(Source data):

--------

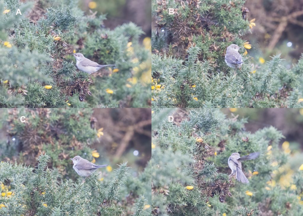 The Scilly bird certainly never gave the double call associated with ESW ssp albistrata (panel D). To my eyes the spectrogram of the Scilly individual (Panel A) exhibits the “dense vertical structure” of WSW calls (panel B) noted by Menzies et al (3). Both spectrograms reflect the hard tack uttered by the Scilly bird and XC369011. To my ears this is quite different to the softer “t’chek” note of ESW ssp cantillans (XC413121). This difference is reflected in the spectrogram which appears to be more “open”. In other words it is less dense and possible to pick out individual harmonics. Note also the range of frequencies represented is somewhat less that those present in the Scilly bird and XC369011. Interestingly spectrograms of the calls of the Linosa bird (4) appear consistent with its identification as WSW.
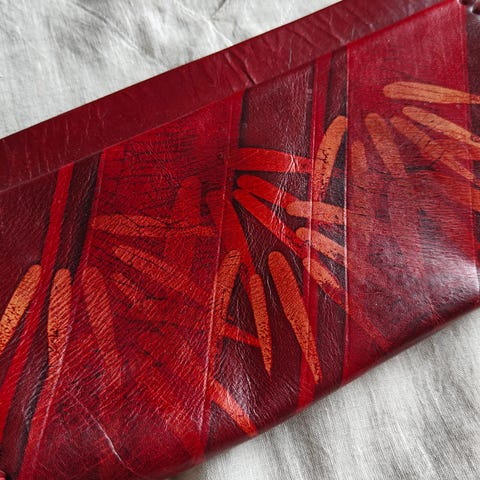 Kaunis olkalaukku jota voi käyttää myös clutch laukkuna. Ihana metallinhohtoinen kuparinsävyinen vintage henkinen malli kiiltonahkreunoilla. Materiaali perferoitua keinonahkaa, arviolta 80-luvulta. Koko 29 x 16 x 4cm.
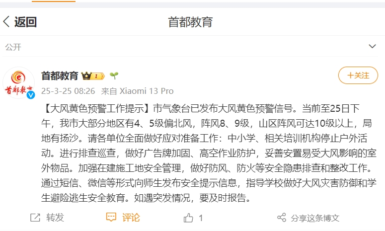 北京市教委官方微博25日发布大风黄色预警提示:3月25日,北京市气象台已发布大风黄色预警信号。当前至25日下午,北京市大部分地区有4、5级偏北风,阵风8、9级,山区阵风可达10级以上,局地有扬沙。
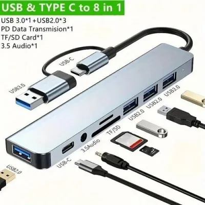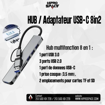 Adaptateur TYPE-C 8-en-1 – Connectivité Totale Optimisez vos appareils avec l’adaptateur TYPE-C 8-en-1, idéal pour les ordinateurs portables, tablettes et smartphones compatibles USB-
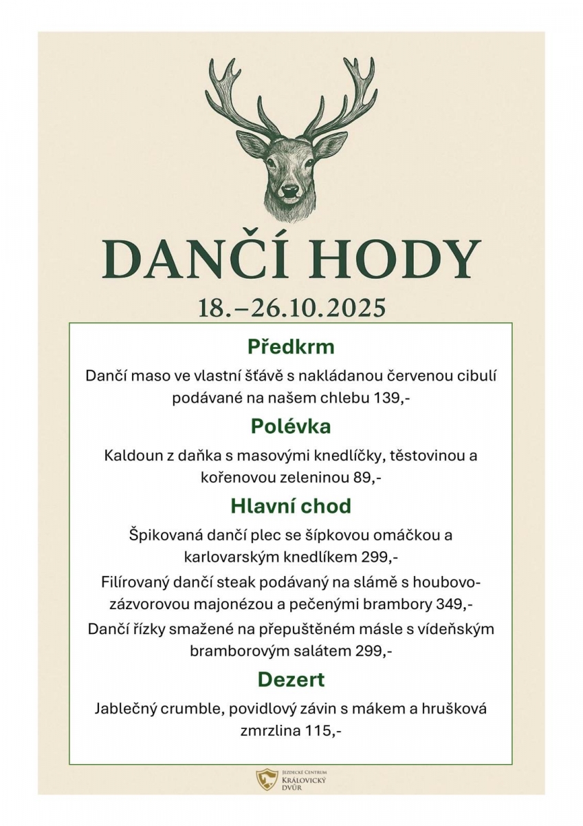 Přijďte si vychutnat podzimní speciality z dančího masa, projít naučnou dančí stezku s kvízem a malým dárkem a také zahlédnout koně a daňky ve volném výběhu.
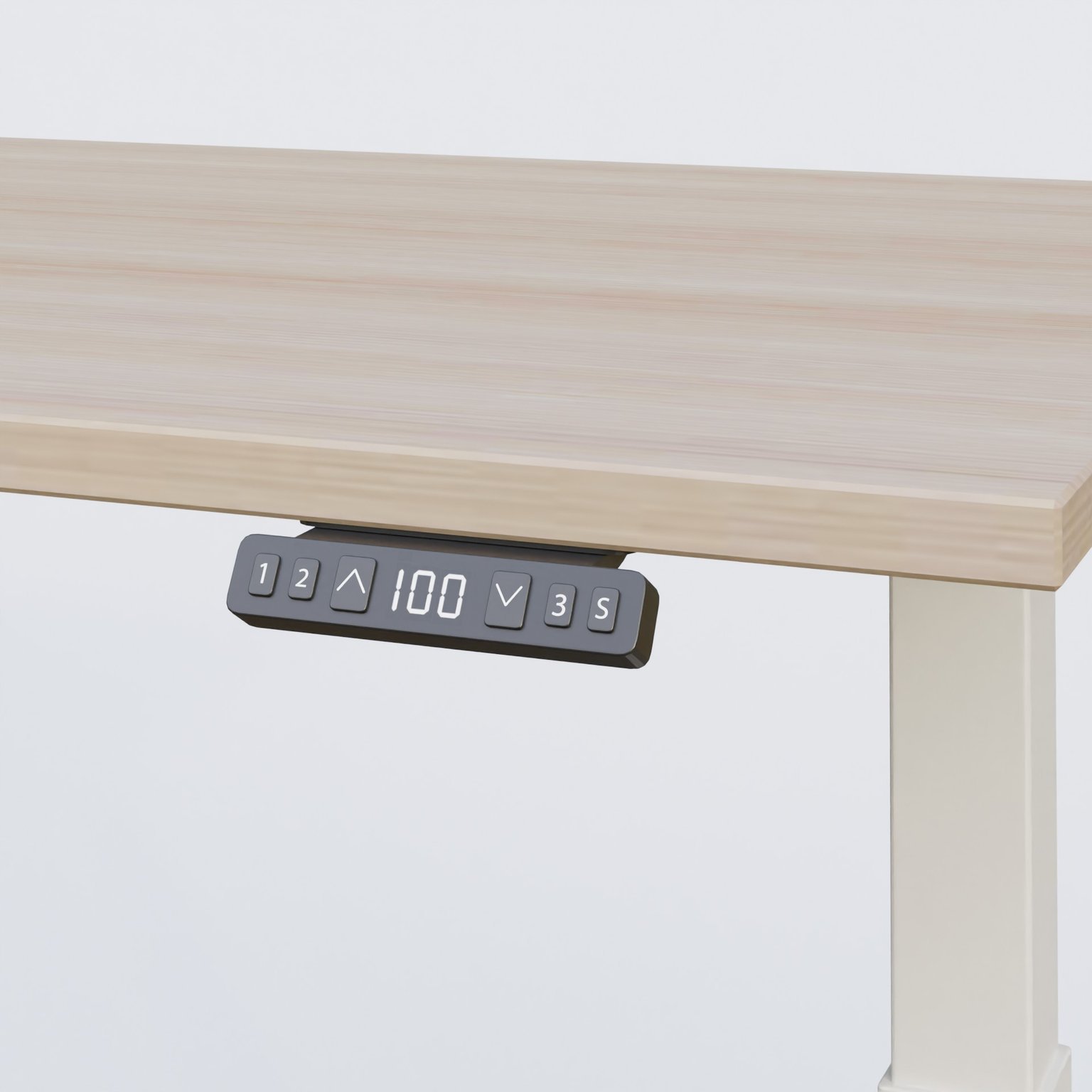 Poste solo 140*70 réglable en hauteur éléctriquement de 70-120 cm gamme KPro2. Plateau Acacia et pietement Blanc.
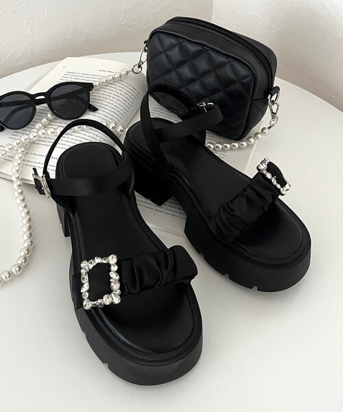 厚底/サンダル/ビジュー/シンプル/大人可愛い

--------

(Required action): Leave out all images, then reproduce the entries above exactly.

(Written response):
 The Scilly bird certainly never gave the double call associated with ESW ssp albistrata (panel D). To my eyes the spectrogram of the Scilly individual (Panel A) exhibits the “dense vertical structure” of WSW calls (panel B) noted by Menzies et al (3). Both spectrograms reflect the hard tack uttered by the Scilly bird and XC369011. To my ears this is quite different to the softer “t’chek” note of ESW ssp cantillans (XC413121). This difference is reflected in the spectrogram which appears to be more “open”. In other words it is less dense and possible to pick out individual harmonics. Note also the range of frequencies represented is somewhat less that those present in the Scilly bird and XC369011. Interestingly spectrograms of the calls of the Linosa bird (4) appear consistent with its identification as WSW.
 Kaunis olkalaukku jota voi käyttää myös clutch laukkuna. Ihana metallinhohtoinen kuparinsävyinen vintage henkinen malli kiiltonahkreunoilla. Materiaali perferoitua keinonahkaa, arviolta 80-luvulta. Koko 29 x 16 x 4cm.
 北京市教委官方微博25日发布大风黄色预警提示:3月25日,北京市气象台已发布大风黄色预警信号。当前至25日下午,北京市大部分地区有4、5级偏北风,阵风8、9级,山区阵风可达10级以上,局地有扬沙。
 Adaptateur TYPE-C 8-en-1 – Connectivité Totale Optimisez vos appareils avec l’adaptateur TYPE-C 8-en-1, idéal pour les ordinateurs portables, tablettes et smartphones compatibles USB-
 Přijďte si vychutnat podzimní speciality z dančího masa, projít naučnou dančí stezku s kvízem a malým dárkem a také zahlédnout koně a daňky ve volném výběhu.
 Poste solo 140*70 réglable en hauteur éléctriquement de 70-120 cm gamme KPro2. Plateau Acacia et pietement Blanc.
 厚底/サンダル/ビジュー/シンプル/大人可愛い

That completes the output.